Let $V$ be a vector space and $S \subseteq V$ be a subset. $S$ is linearly independent if there is no $T \subset S$ such that
\[\langle T \rangle = \langle S \rangle.\]$S$ is linearly dependent if it is not linearly independent.

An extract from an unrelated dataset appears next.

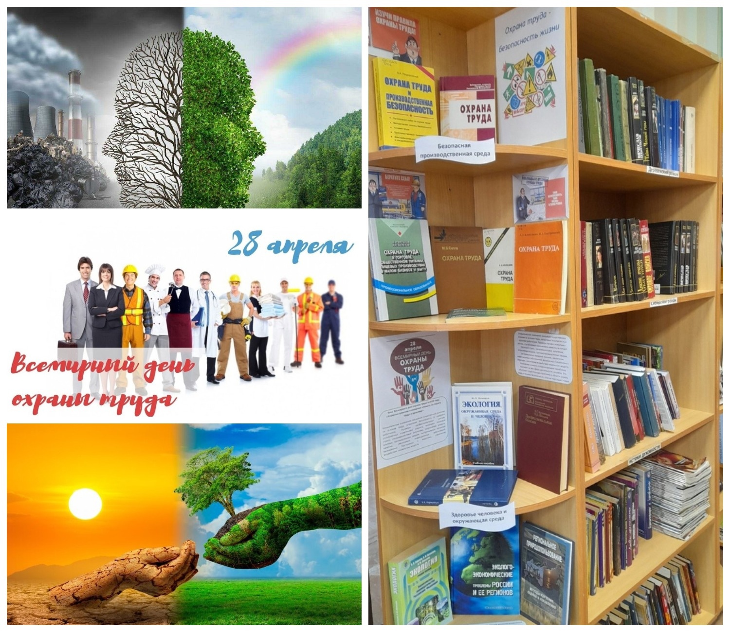 Ежегодно 28 апреля Международная организация труда отмечает Всемирный день охраны труда, уделяя особое внимание какой-либо актуальной теме, связанной с безопасностью и гигиеной труда. В этом году центральной темой станет влияние изменения климата на безопасность и гигиену труда. В Центральной библиотеке оформлена книжная выставка «Охрана труда – безопасность жизни». Вниманию читателей представлена литература по охране труда – учебные пособия и нормативные документы, включающие правовые, организационно-технические, санитарно-гигиенические и иные мероприятия, а также книги об экологии и природопользовании.
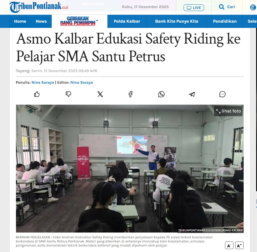 Asmo Kalbar Edukasi Safety Riding ke Pelajar SMA Santu Petrus by Nina Soraya 15 Desember 2025 in Silahkan kunjungi https://pontianak.tribunnews.com/metropolis/1154329/asmo-kalbar-edukasi-safety-riding-ke-pelajar-sma-santu-petrus. You Might Like Regional Public Launching New ADV160 The SUV Pride Grand Launching New PCX 160 Truly Exceptional! Tetap hati-hati ya bro sist berkendara saat hujan.

Let $V$ be a vector space over $F$ and
\[S = \{v_1, \cdots, v_n\} \subseteq V\]be a subset $(n \geq 1)$. $S$ is linearly independent if and only if for every $x \in V$ there are unique $\lambda_1$, $\cdots$, $\lambda_n \in F$ such that
\[\sum_{i = 1}^n \lambda_i v_i = x.\]
In particular, since
\[\sum_{i = 1}^n 0 \cdot v_i = 0,\]we have:
Let $V$ be a vector space over $F$ and
\[S = \{v_1, \cdots, v_n\} \subseteq V\]be a subset $(n \geq 1)$. If for all $\lambda_1$, $\cdots$, $\lambda_n \in F$,
\[\sum_{i = 1}^n \lambda_i v_i = 0 \enspace\rimp\enspace% \forall i \in \llbra n\rrbra : \lambda_i = 0,\]then $S$ is linearly independent.
Let $V$ be a vector space over $F$.
For any $v \in V$, $\{v\}$ is linearly independent if and only if $v \neq 0$.
For any finite $S \subseteq V$, if $0 \in S$, then $S$ is linearly dependent.
For any finite $S \subseteq V$, $S$ is linearly dependent if and only if some vector from $S$ is a linearly combination of others:
\[\exists v \in S : v \in \langle S \setdif \{v\} \rangle.\]